Exercise goal | Leave the pictures in the listing below aside and reproduce exactly the lines starting with the one with "ای عجب. [ اَ" and going on through the one with "Quarto de bebê", both ends included.

(Entries provided begins)

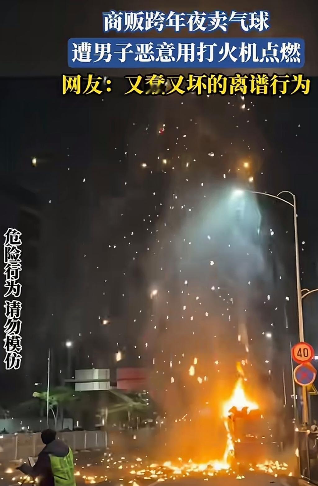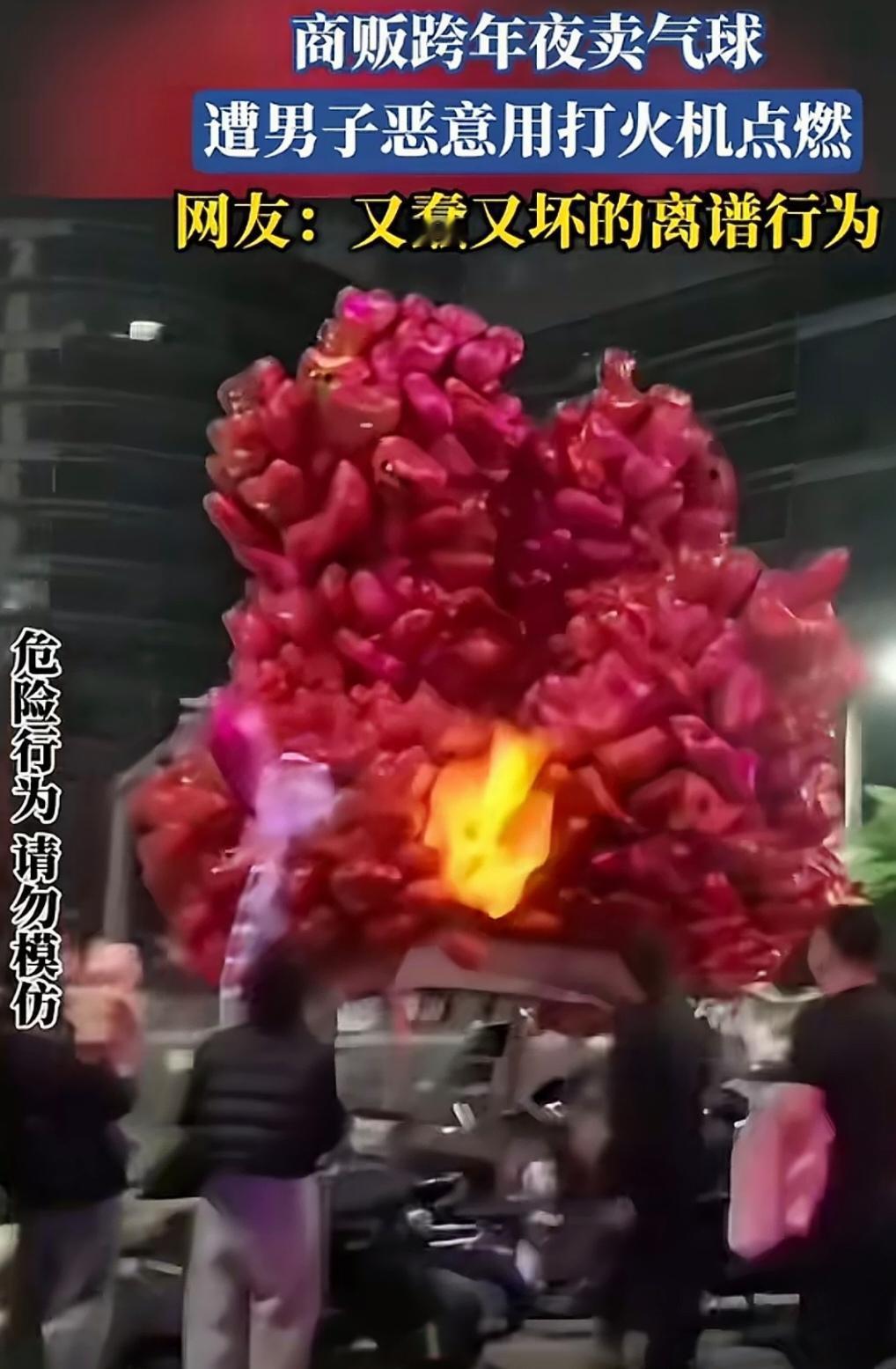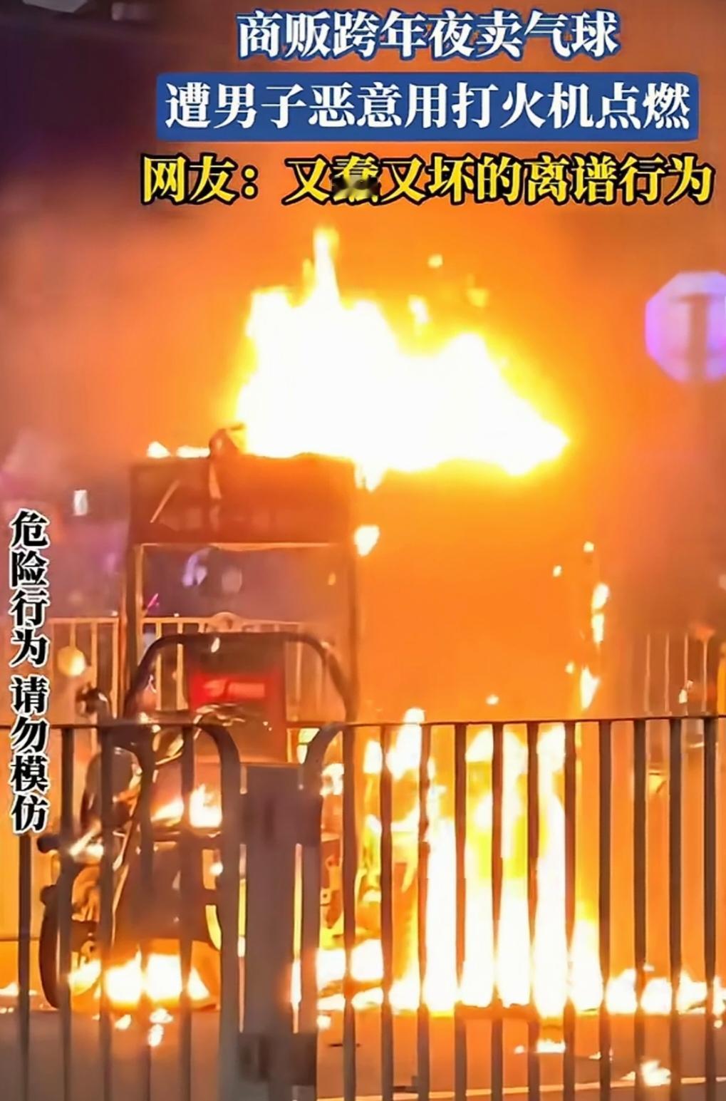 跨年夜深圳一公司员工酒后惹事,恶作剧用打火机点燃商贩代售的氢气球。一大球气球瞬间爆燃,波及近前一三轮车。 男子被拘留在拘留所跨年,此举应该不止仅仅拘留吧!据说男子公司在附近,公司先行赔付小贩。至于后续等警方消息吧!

(Entries provided ends)
(Entries provided begins)

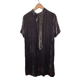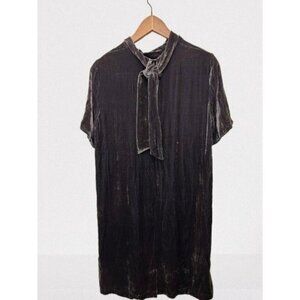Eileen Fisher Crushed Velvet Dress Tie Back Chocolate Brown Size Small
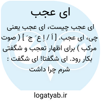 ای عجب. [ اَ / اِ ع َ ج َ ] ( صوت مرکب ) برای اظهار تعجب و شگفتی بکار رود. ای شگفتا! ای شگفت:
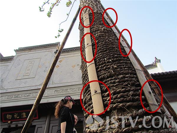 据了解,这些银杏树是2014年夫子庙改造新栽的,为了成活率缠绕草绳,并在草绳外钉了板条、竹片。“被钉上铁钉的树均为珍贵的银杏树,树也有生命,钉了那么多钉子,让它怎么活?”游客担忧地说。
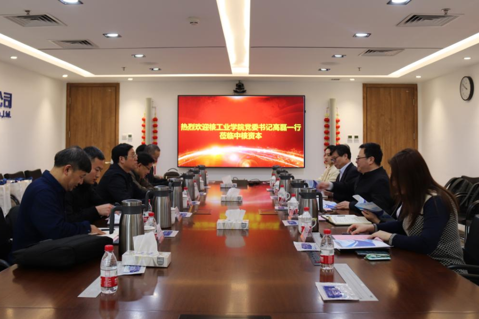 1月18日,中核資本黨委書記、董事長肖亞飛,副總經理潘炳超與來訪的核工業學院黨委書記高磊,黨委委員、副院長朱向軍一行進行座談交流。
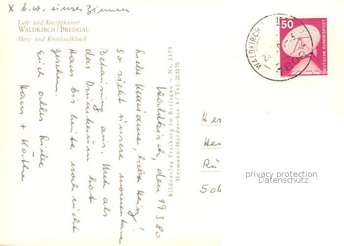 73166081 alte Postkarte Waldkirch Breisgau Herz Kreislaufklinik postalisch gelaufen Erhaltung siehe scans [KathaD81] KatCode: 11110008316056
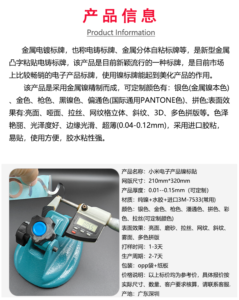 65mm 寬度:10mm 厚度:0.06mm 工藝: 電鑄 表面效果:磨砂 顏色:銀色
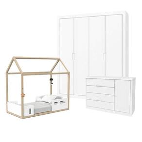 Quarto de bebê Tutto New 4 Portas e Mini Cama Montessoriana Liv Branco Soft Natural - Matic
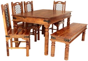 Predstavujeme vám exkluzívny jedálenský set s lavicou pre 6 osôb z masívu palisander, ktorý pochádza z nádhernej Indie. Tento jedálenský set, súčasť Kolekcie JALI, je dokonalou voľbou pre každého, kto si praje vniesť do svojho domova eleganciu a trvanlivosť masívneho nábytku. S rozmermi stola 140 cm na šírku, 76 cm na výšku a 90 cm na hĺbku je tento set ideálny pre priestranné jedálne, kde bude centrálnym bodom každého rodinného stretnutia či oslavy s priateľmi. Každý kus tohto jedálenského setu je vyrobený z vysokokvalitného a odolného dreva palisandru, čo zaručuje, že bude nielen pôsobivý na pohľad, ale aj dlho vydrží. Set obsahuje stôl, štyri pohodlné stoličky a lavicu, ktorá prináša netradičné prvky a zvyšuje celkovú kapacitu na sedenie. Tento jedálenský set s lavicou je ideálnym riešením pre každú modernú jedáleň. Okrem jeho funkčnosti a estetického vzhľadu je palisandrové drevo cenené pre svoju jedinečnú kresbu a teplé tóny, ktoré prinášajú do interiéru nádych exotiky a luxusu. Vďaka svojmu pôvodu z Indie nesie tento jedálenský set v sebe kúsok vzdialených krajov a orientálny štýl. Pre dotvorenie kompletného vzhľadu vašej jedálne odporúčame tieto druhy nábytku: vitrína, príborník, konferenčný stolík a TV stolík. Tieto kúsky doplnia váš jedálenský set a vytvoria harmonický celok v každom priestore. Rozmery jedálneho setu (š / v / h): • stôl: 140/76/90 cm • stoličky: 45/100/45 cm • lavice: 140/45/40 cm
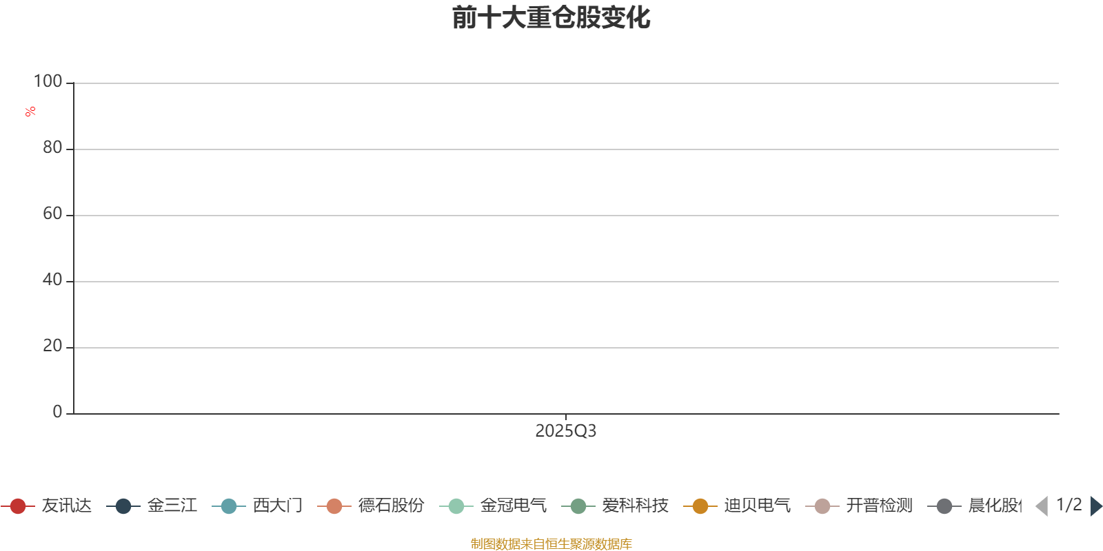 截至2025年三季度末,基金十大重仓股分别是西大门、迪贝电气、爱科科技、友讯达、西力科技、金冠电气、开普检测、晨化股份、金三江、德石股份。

(Entries provided ends)
(Entries provided begins)

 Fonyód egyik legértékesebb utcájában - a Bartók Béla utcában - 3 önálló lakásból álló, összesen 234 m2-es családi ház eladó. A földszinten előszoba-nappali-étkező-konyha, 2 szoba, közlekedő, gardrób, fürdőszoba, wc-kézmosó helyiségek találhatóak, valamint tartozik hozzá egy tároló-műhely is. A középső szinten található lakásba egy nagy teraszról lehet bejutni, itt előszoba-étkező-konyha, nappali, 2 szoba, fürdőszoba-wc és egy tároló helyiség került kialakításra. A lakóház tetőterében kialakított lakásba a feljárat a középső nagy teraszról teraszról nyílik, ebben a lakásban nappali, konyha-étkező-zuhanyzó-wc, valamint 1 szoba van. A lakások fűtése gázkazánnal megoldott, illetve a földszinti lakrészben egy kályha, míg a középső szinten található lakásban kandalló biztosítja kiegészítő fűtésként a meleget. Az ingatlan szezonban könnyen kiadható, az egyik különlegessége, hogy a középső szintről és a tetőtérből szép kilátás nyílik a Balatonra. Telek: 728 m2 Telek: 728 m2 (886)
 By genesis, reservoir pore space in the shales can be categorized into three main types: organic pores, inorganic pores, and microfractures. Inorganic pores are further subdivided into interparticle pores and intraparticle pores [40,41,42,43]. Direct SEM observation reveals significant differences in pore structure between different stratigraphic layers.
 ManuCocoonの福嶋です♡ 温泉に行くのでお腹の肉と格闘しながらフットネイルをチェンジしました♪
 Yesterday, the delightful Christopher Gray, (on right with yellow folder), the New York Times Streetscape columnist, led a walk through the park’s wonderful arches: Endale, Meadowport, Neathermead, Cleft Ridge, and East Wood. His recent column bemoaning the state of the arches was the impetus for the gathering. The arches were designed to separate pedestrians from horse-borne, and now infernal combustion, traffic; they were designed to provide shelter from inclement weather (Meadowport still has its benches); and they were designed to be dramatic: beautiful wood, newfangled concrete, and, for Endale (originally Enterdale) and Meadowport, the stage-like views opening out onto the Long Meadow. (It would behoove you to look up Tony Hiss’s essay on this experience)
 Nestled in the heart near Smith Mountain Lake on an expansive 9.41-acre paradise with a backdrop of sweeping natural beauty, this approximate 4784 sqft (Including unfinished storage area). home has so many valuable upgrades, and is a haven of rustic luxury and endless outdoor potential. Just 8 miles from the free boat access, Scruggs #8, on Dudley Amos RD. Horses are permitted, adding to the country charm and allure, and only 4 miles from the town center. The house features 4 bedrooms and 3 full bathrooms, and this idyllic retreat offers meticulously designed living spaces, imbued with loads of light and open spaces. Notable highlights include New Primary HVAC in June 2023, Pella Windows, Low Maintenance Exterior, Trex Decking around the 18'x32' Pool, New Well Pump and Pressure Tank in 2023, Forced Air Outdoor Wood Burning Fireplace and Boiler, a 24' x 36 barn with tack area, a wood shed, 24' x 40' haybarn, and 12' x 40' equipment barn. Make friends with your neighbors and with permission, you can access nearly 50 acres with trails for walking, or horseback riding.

(Entries provided ends)

Response |
 ای عجب. [ اَ / اِ ع َ ج َ ] ( صوت مرکب ) برای اظهار تعجب و شگفتی بکار رود. ای شگفتا! ای شگفت:
 据了解,这些银杏树是2014年夫子庙改造新栽的,为了成活率缠绕草绳,并在草绳外钉了板条、竹片。“被钉上铁钉的树均为珍贵的银杏树,树也有生命,钉了那么多钉子,让它怎么活?”游客担忧地说。
 1月18日,中核資本黨委書記、董事長肖亞飛,副總經理潘炳超與來訪的核工業學院黨委書記高磊,黨委委員、副院長朱向軍一行進行座談交流。
 73166081 alte Postkarte Waldkirch Breisgau Herz Kreislaufklinik postalisch gelaufen Erhaltung siehe scans [KathaD81] KatCode: 11110008316056
 65mm 寬度:10mm 厚度:0.06mm 工藝: 電鑄 表面效果:磨砂 顏色:銀色
 Quarto de bebê Tutto New 4 Portas e Mini Cama Montessoriana Liv Branco Soft Natural - Matic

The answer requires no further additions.